How do you practice your art?

On a side note, in “Now Write!  Science Fiction, Fantasy, and Horror”, Christine Conradt has a chapter on The Eleven Tenets of Fear.  But what caught my attention was the very first chapter of the book, “Where Does He Got Those Wonderful Ideas?  Making Speculative Fiction Speculative”.  Finally, about thirty five years later, my offence to that horribly titled film strip, “Where the Weird Ideas Cone From” is vindicated.

GLAWS Special Speaker Event:  Christine Conradt

Less than twenty-four hours ago as I write this, I was attending Christine Conradt’s presentation on Creating Strong Female Characters.  Going into this, my thought was, “how is creating a strong female character different than creating a strong male character?”  The answer is that it is not.  This lecture was more about gender biases and how to overcome them.

Every culture has its gender biases, and as writer’s we have them too.  A bias is a generalization we have about gender roles.  What is a male role and what is a female role.  If we create characters that fit into these generalizations, we aren’t creating anything  new or different.  As writer’s, it is our job to create characters (male and female) that go beyond these roles.  That’s how you create interesting characters.

There has been criticism lately that there is a lack of strong women characters is film.  Ms.
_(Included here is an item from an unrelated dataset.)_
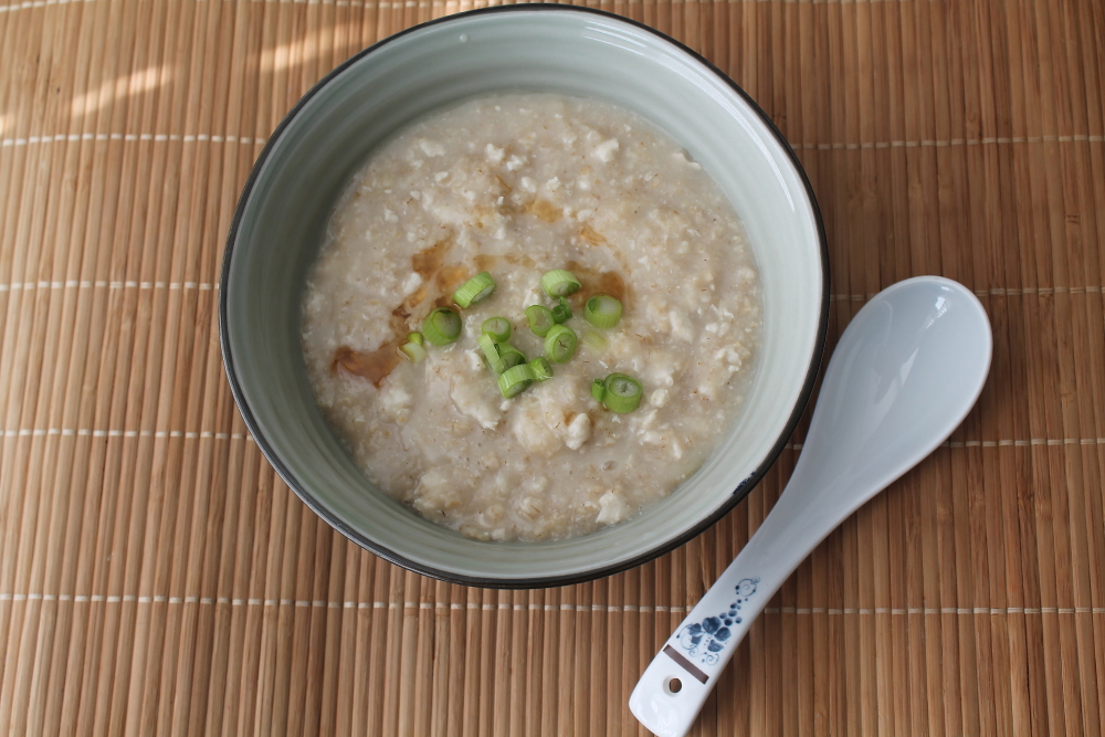 When the oatmeal is done, top with some fresh green onion, white pepper and some sesame oil. Enjoy on a nice cool morning.

Conradt mentioned that there is actually a test to determine if a film has strong female characters:  The Bechdel Test.  The test goes as follows:  1)  Are there two named female characters? 2) Do they talk to each other?  3) Do they talk about something other than men?  Wikipeda has a comprehensive article about this test http://en.wikipedia.org/wiki/Bechdel_test .  But for now, think about it.  If two women in a film don’t talk about anything other than men, how deep can their characters be?  You may think that is obvious.  If two character only talk about one subject throughout a whole story, how believable can those characters be?  How three dimensional?  Yet most films, according to Conradt and the Wikipeda article fail this test.  And in failing, these films make less money than those that pass the test.
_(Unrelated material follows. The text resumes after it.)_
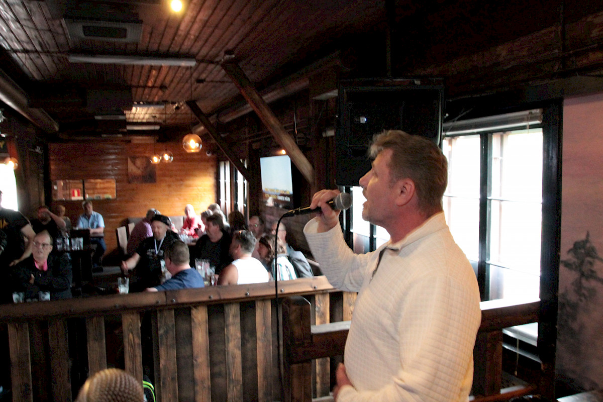 Eikä menoa haitannut vaikka karaokekisa pääsi alkamaan kolmevarttia aikataulusta myöhässä. Kaikki 24 ilmoittautunutta laulajaa olivat huolella valmistautuneita. Yleisökin viihtyi, villiintyi välillä komppaamaan ja laulamaan kuorossa mukana.
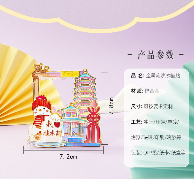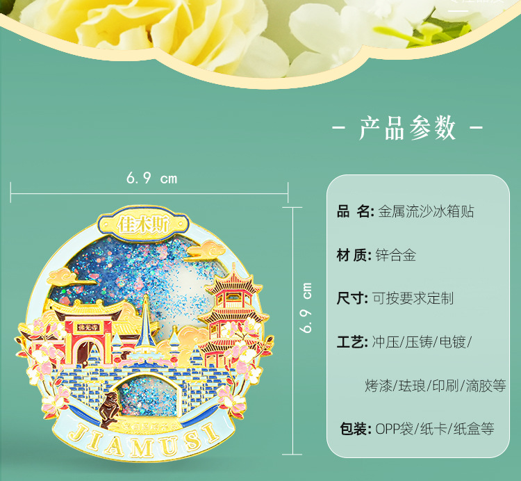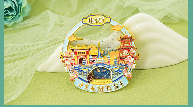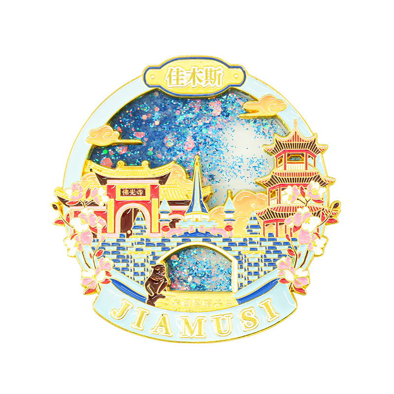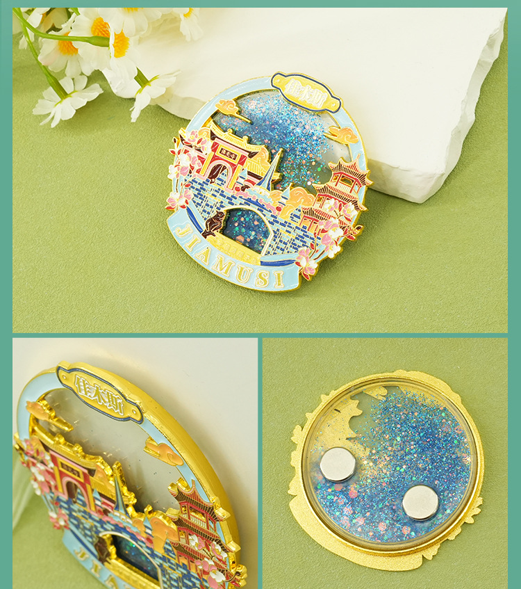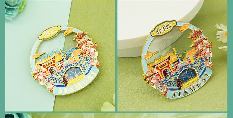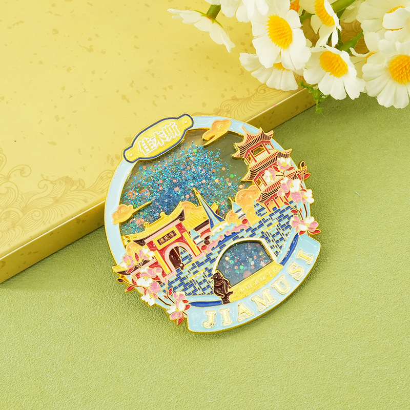 佳木斯金属冰箱贴中国城市黑龙江背吸旅游文创纪念品伴手流沙磁贴

So why do these films keep being made?  Partly because of the bias producers have.  Some feel that the female character can’t save the male character.  It makes the male look weak.  But that’s the wrong attitude.   If you have to make the male character weak to make the female character look strong, then you’re doing it wrong.

Conradt covered a myriad of other topics.  Some of them were obstacles writers have to overcome, history of gender roles, helpful and harmful generalizations, and overcoming the feminism trap.  Conradt’s powerpoint  presentation is available at www.writersstore.com .  I would also suggest you look up her website www.christineconradt.com .  She has published articles she has written, movie reviews from a story structure standpoint and offers small group seminars and script consulting.  You can also check out her Facebook page.

As for the lack of strong women characters in films, I’m not so sure.  America Ferrera, Astrid of “How to Train Your Dragon”, has expressed similar concerns.  But there is her character in “How to Train Your Dragon 2”.  And while her character is not as central as it was in the first movie, Hiccup’s mother, Valka, is.  Then there is Anna and Elsa from “Frozen”, and Katniss from “The Hunger Games” movies.

Maybe it’s just the movies I see.  What do you think?